Инга подошла ближе. Невысокая, плотная, с коротко стриженными тёмными волосами, в мятой форме, она выглядела так, будто могла одной рукой удержать каталку, второй — ординатора, а третьей, если бы она у неё была, дать по лбу заведующему. Амелия любила её именно за это.

— Ты двое суток не спала.

— Врёшь. Я моргала.

— Это не считается.

— У нас в отделении считается всё, что длится больше трёх секунд.

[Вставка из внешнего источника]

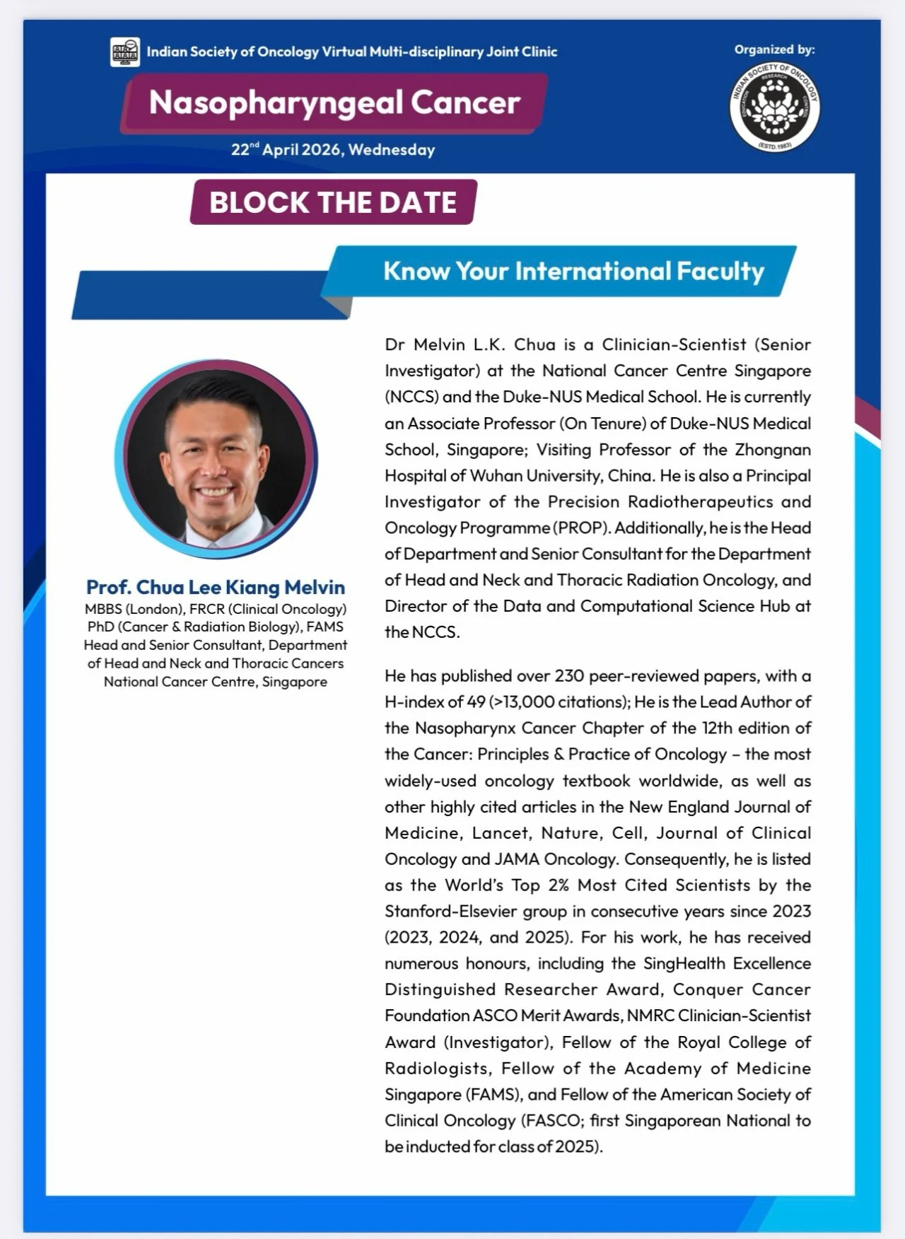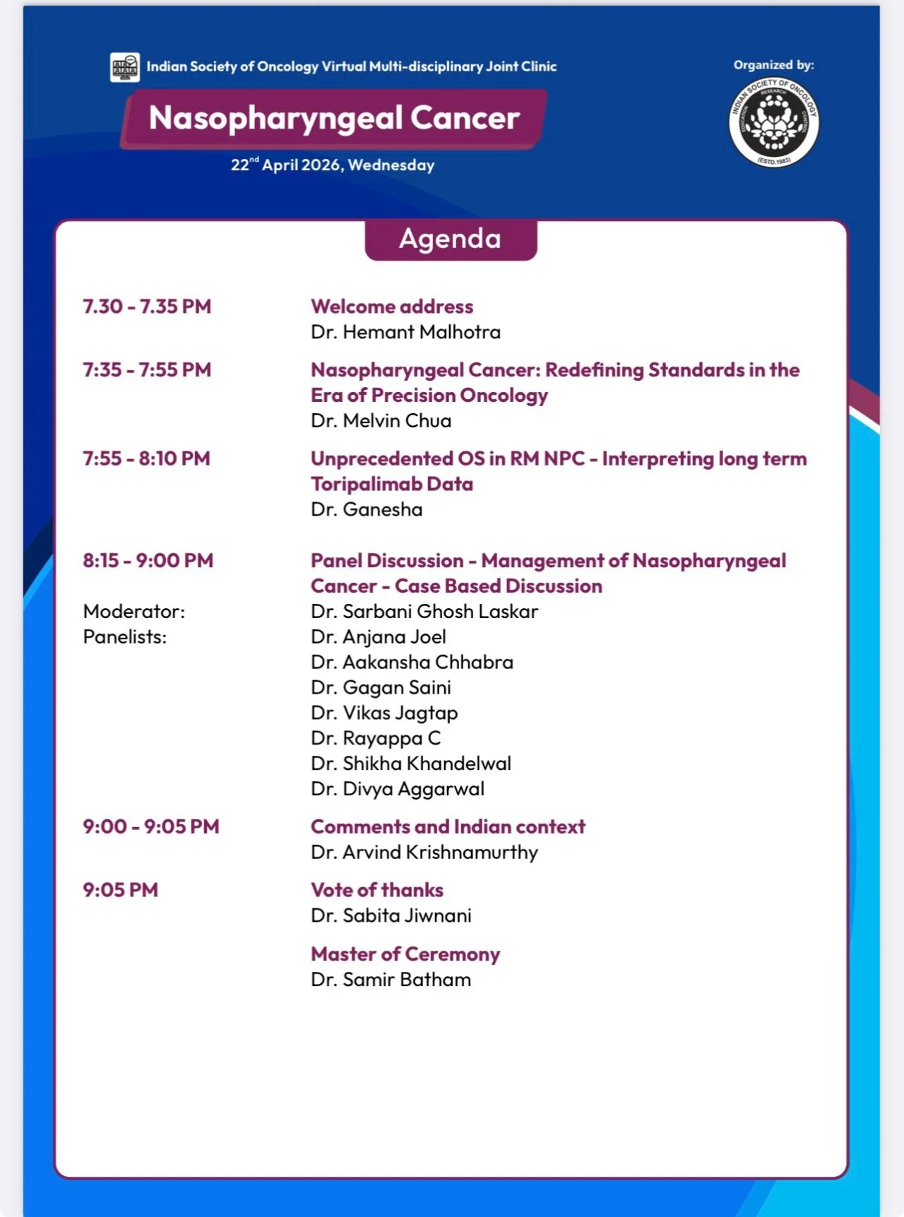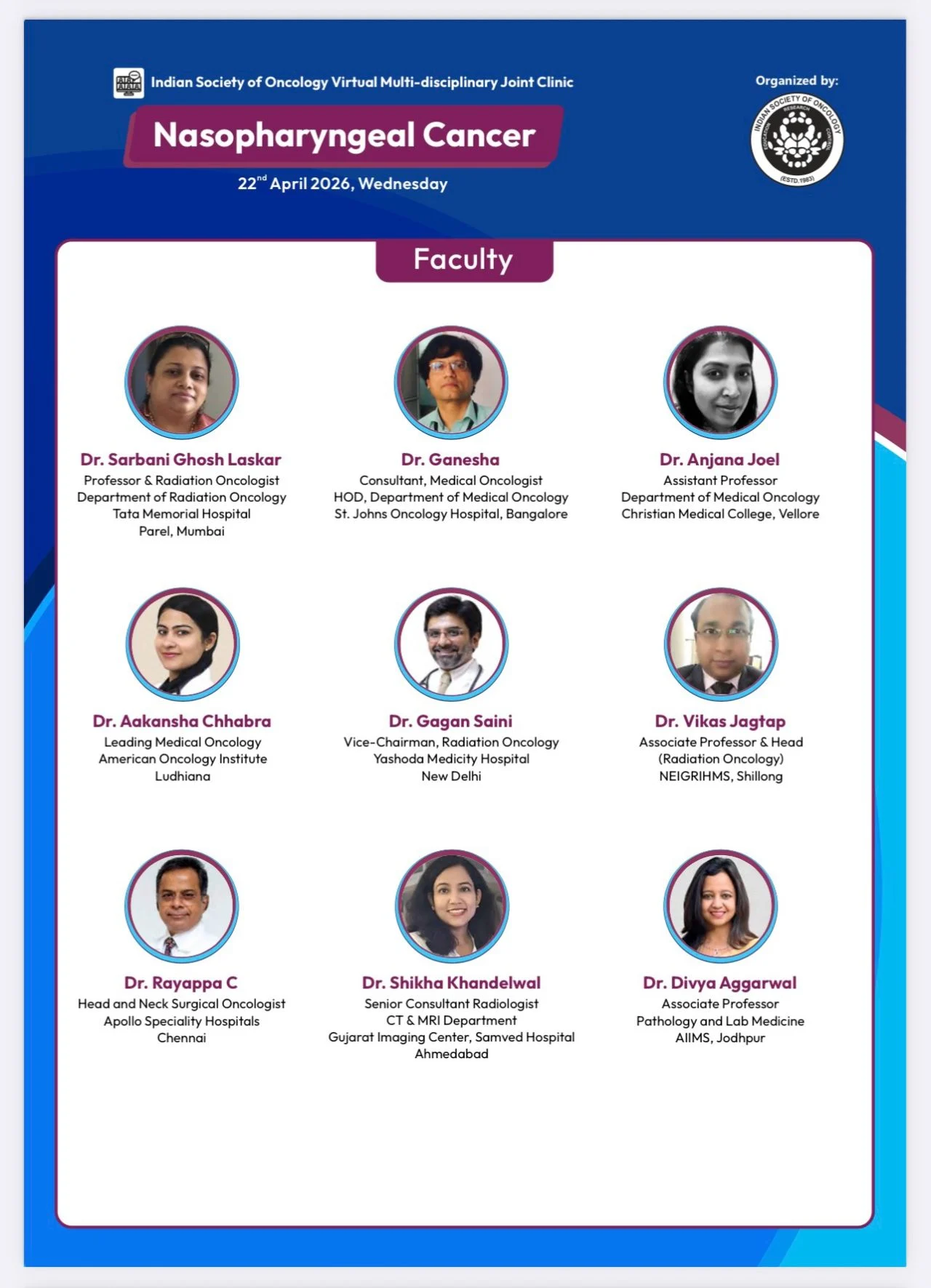 The Indian Society of Oncology (ISO) presents a Virtual Multi-disciplinary Joint Clinic on Nasopharyngeal Cancer on 22nd April 2026, 7:30-9:05 PM, featuring renowned international and national faculty, cutting-edge insights in precision oncology, and an engaging case-based panel discussion-perfect for residents and consultants looking to sharpen their clinical approach in managing these cancers.

Инга посмотрела на неё тем самым взглядом, от которого даже главврач начинал вспоминать, что у него есть совесть.

— Сядь, Дайер.

Амелия поморщилась.

Фамилия ей досталась от матери. Английская, чужая на слух в их городе, но к ней давно привыкли. Амелия Дайер. В детстве её дразнили «леди Дайер», потом «англичанкой», потом просто «ведьмой», когда она начала работать так, что остальные не успевали за её темпом.

— Не командуй мной, женщина. Я старше.

— На три года.

— В нашем возрасте это уже историческая эпоха.

Она всё-таки отошла от стола. Сделала шаг. Второй.

Пол под ногами вдруг стал странно мягким, будто покрытым толстым слоем ваты. Свет расплылся. Звуки отодвинулись. Крик ребёнка стал дальним, как из другого здания.

Амелия остановилась.

— Вот только не это, — сказала она раздражённо. — У меня нет времени на драматические обмороки.

— Амелия?

Она хотела ответить. Хотела сказать что-нибудь язвительное, потому что умирать молча было бы невоспитанно и совершенно не в её стиле.

Но в груди вдруг сжало.

Не больно даже — страшно.

Будто внутри кто-то взял сердце в кулак.

Амелия схватилась за край металлического стола. Пальцы скользнули по холодной поверхности.

Инга уже была рядом.

— Амелия!

— Не ори, — выдохнула она. — Детей разбудишь.

Мир качнулся.

Лицо Инги стало совсем близким. Глаза — испуганные, злые, мокрые.

— Носилки! Быстро!

Кто-то побежал.

Кто-то сказал её имя.

Глупо. Все вдруг начали говорить её имя так, будто оно могло удержать.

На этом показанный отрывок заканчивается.